There's still a lot missing. Thousands of years to develop the madness, to enact plans, to stew in the darkness of a thousand, a million angry voices, Omega stacked on Omega whispering about death and destruction, where even one nearly drew Tex off the edge. Maybe Ardyn will remember that, the massive yawning gap that truly exists between what he is and what he was, and that will just be that.

But for now?

He is not afraid on his approach, because Ardyn has long since stopped scaring him at least when it comes to his own safety. Catches the ringed hand with his own. He doesn't have an immediate answer, doesn't know what to tell Ardyn to do, but fuck, he was never able to tell Tex what to do anyway, so all he can do is...maybe help guide his way. He brings the hand to eye-level, powerless crystal glinting between them.]


Tell me what this means to you right now.
scourgingstars: (and you're all alone)

[personal profile] scourgingstars 2017-06-13 12:26 pm (UTC)(link)
What are you-...

[He'd been almost hopeful when Junpei handed it back to him--with that magic he'd have been able to overthrow PAL with hardly an effort--and genuinely upset when it didn't answer it. The ring had always answered him, always reacted and responded when he needed it.]

[Until one day, it hadn't.]

[It was the symbol of all that he hated. The Crystal, Bahamut, the entire line of Lucis distilled into a simple black ring that should have held untold power. So why, Ardyn had been asking himself, couldn't he bring himself to just take it off and throw it into the middle of the garden as hard as he could? It wouldn't respond to a king it deemed unworthy; more likely it would burn his entire arm off if its power ever returned.]


...It's everything that should have been mine. All that I was and all that I wanted to be. I hate the Crystal, as well as the gods which granted it to us. The Ring of the Lucii's power will never answer my call again, even if this were more than a mere replica.

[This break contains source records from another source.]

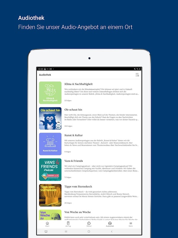 [Perpustakaan audio] - Dengar podcast yang menghiburkan, ringkasan berita bermaklumat dan artikel audio yang menarik satu demi satu atau sebagai senarai main peribadi.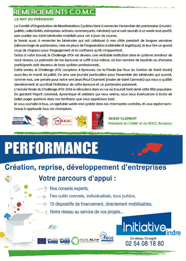 - Nous avons le plaisir de vous informer qu’un blog a été créé pour les épreuves du Challenge d’Or et réalisé par nos amis Géraldine et Ludovic. Vous retrouverez des présentations, articles de presse avec photos Alors, n’hésitez pas à visiter nos pages et commenter les articles. comc-challengedor2014.blogspot.fr/ comc-challengedor2013.blogspot.fr/ comc-challengedor2012.blogspot.fr/ A bientôt sur nos épreuves ! Denis CLEMENT Président du COMC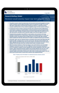 The global economic outlook has deteriorated, with downside risks threatening global real estate. Under our baseline scenario, global all-property returns are expected to average 7.4% pa over 2022-2023, 0.2ppts below our forecast three months ago. However, an advanced economy recession would knock this to 5% pa, while the weighted average of all risk scenarios is 6.6% pa.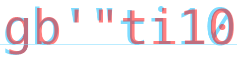 Over a week or so, I tried a number of commonly recommended fixed-width typefaces. I used each as my only typeface for at least an entire day. In the images below, Monaco is in blue, and the other typeface is in red. This allows easy comparison for sizing and appearance of a few glyphs.
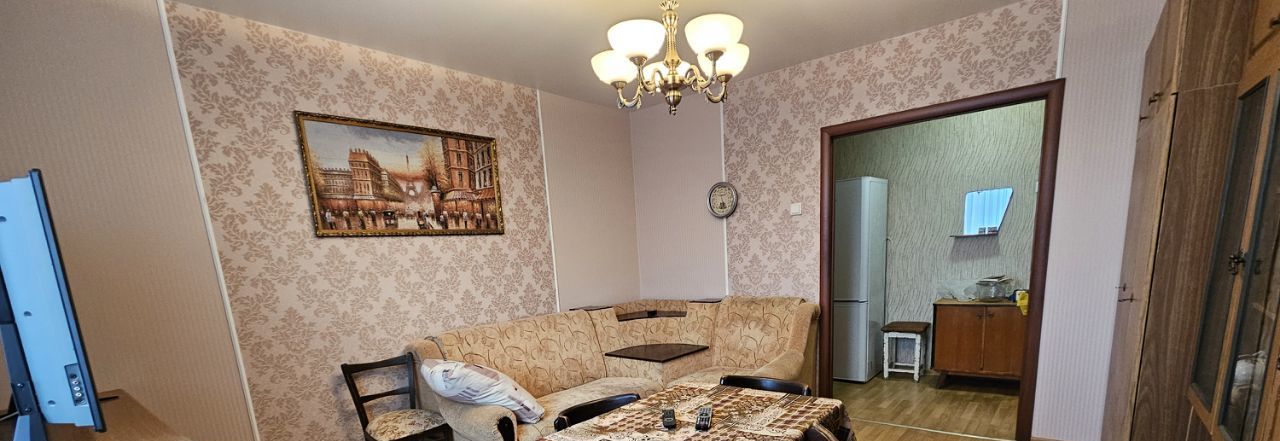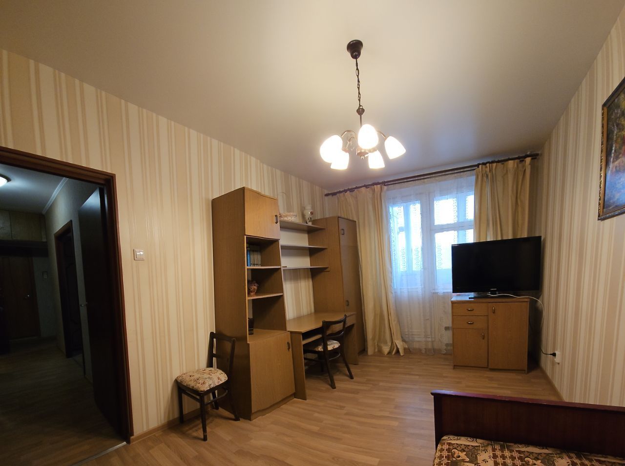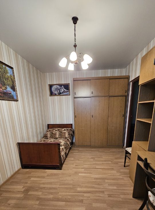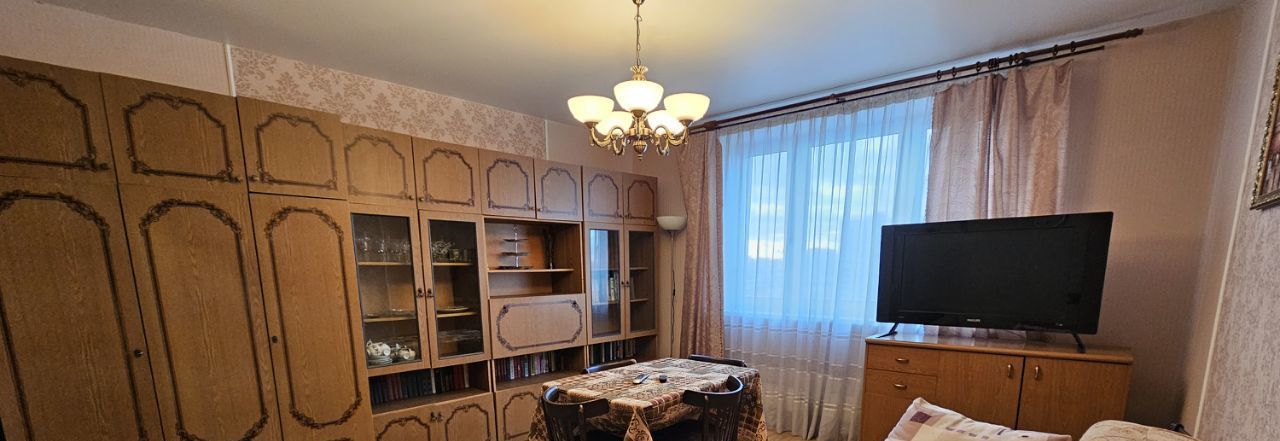 В большой комнате угловой диван, шкаф стенка, тумба с телевизором и столовый гарнитур. В маленькой комнате рабочий уголок, тумба с телевизором, кровать и шкаф-купе. Кухня просторная, есть плита, холодильник, телевизор, микроволновка, вытяжка.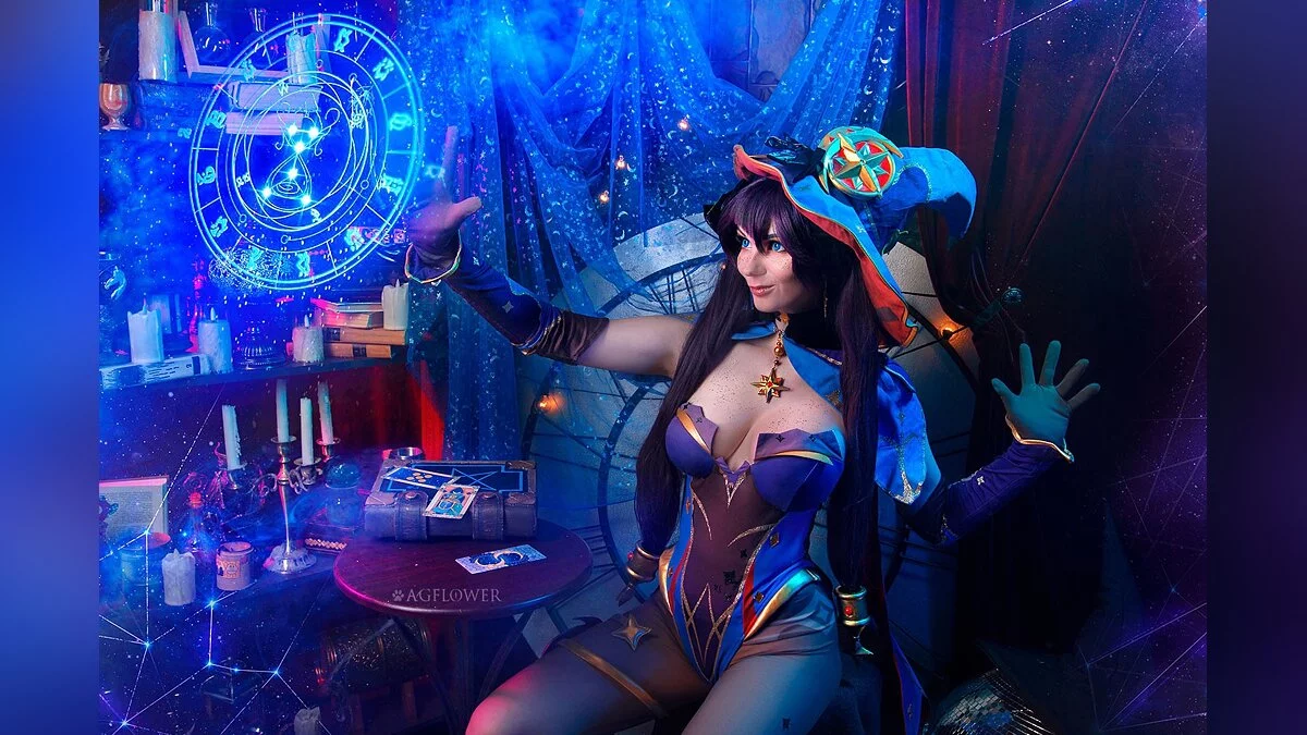 Мона — честный астролог со своими принципами. Она не готова врать клиентам и приукрашивать прогнозы по поводу их будущего. Такой подход нравится далеко не всем, ведь люди предпочитают слушать сладкую ложь, а не горькую правду. В бою Мона полагается на различные умения, которые связаны со стихией воды. Косплей на неё сделала AGFlower.

It rejects those deemed unworthy, so wearing it now...was hardly more than wishful thinking for me.
motherfucking_ghost: (you're way too sure of yourself)

[personal profile] motherfucking_ghost 2017-06-13 12:48 pm (UTC)(link)
And you wear it now to, what, serve as a reminder you don't need, like taking your brother's name? To hurt yourself because you can't look at it without remembering that ache?

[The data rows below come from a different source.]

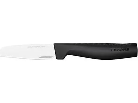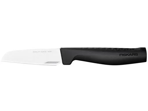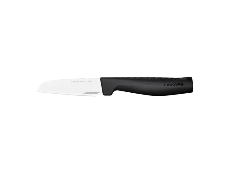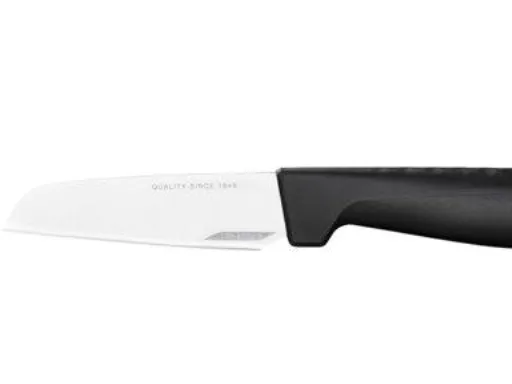 Discover the Fiskars Hard Edge peeling knife, a kitchen essential that combines functionality with safety. Crafted with a stainless-steel blade that boasts a hardness of HRC 52 and enhanced with LZR-EDGE technology, this knife is designed to meet the demands of both professional chefs and home cooks. Its 8.8 cm blade is perfect for precise peeling tasks, ensuring minimal waste and maximum efficiency. The integrated finger guard and ergonomic plastic handle provide a comfortable and secure grip, making your peeling tasks safer and more enjoyable. Whether you're preparing a gourmet meal or a simple snack, the Fiskars Hard Edge peeling knife is your go-to tool for easy, precise, and safe peeling.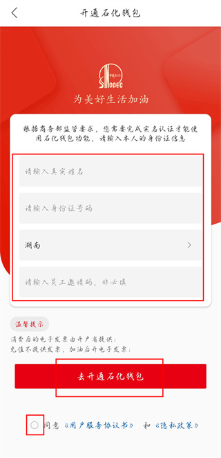 微信用户还可通过【中石化一键加油】小程序开通:进入小程序 → 点击【钱包加油】→ 按指引填写资料完成开通。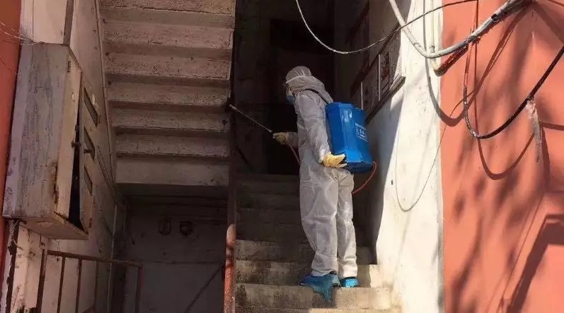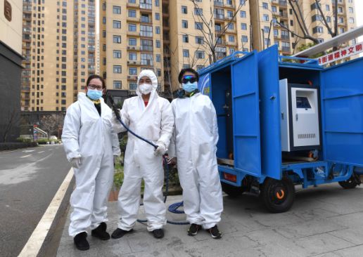 譚茂科在社區(qū)從事消殺工作 武漢碧水集團供圖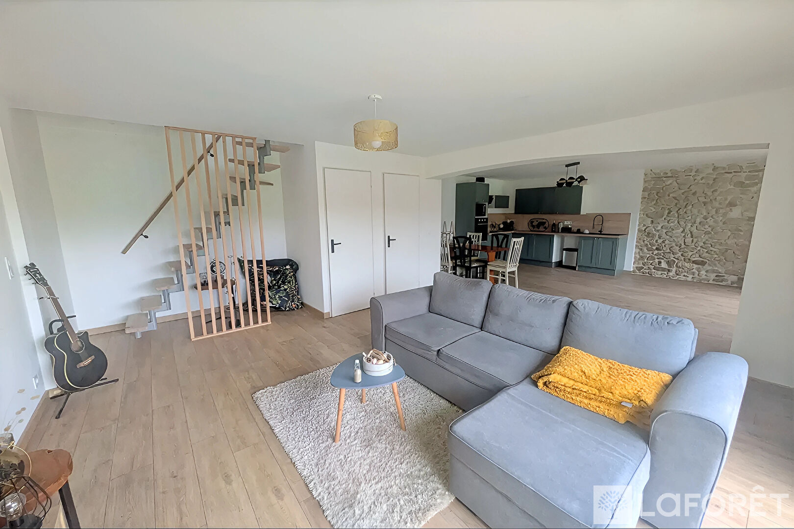 Au rez-de-chaussée, vous découvrirez une belle pièce de vie lumineuse avec cuisine ouverte aménagée et équipée, donnant directement sur le jardin. Un cellier ainsi qu'un WC indépendant complètent ce niveau.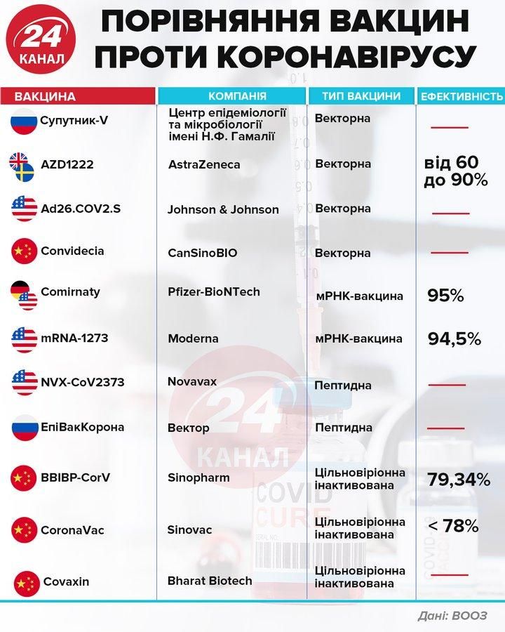 Вакцини проти коронавірусу / Джерело: МОЗ / Інфографіка 24 каналу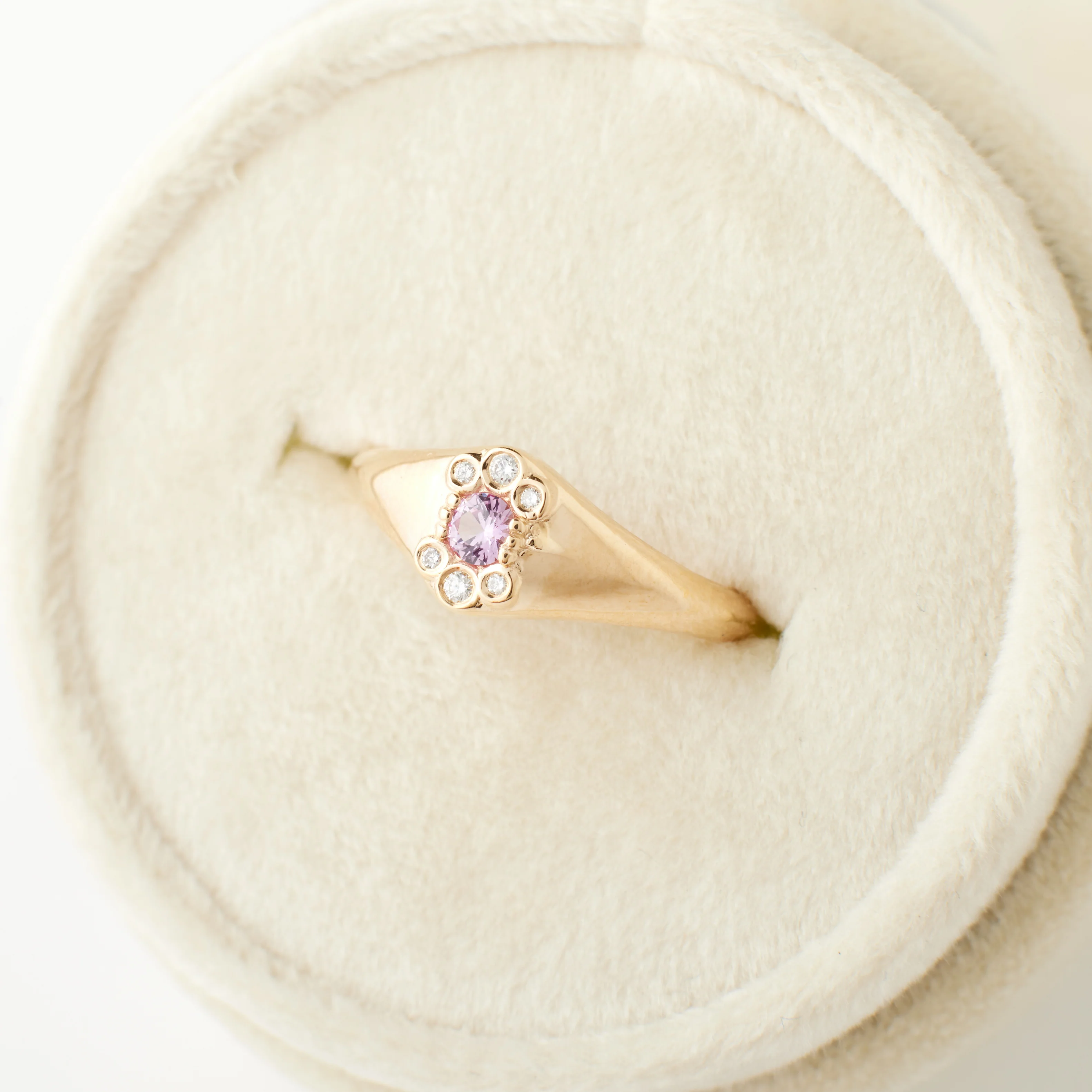 Why it's special: Meet the Emerson ring ā a modern twist on a traditional signet ring.Ā This sweet and dainty ring features a half halo of lab-grown white diamonds around a perfectly-pink sapphire.Ā

To remind yourself that you had hope?
scourgingstars: (feeling unknown)

[personal profile] scourgingstars 2017-06-13 12:50 pm (UTC)(link)
I don't...know. I suppose I should have taken it off by now, but...

[But he had no idea how to finish that sentence.]
motherfucking_ghost: (hopeful)

[personal profile] motherfucking_ghost 2017-06-13 01:02 pm (UTC)(link)
But it still means something to you. Even if you don't know what. Even if you can't articulate it, which, hey, welcome to the club.
scourgingstars: (don't pin it all on me)

[personal profile] scourgingstars 2017-06-13 01:05 pm (UTC)(link)
What about it? Even if it does, what can really be done with that? I'm no longer king in title or spirit, and a mere accessory can't fix that.
motherfucking_ghost: (you're way too sure of yourself)

[personal profile] motherfucking_ghost 2017-06-13 01:27 pm (UTC)(link)
It doesn't have to--that's not the point. It means something to you when you keep insisting that it shouldn't. Don't you think maybe that alone is pretty important?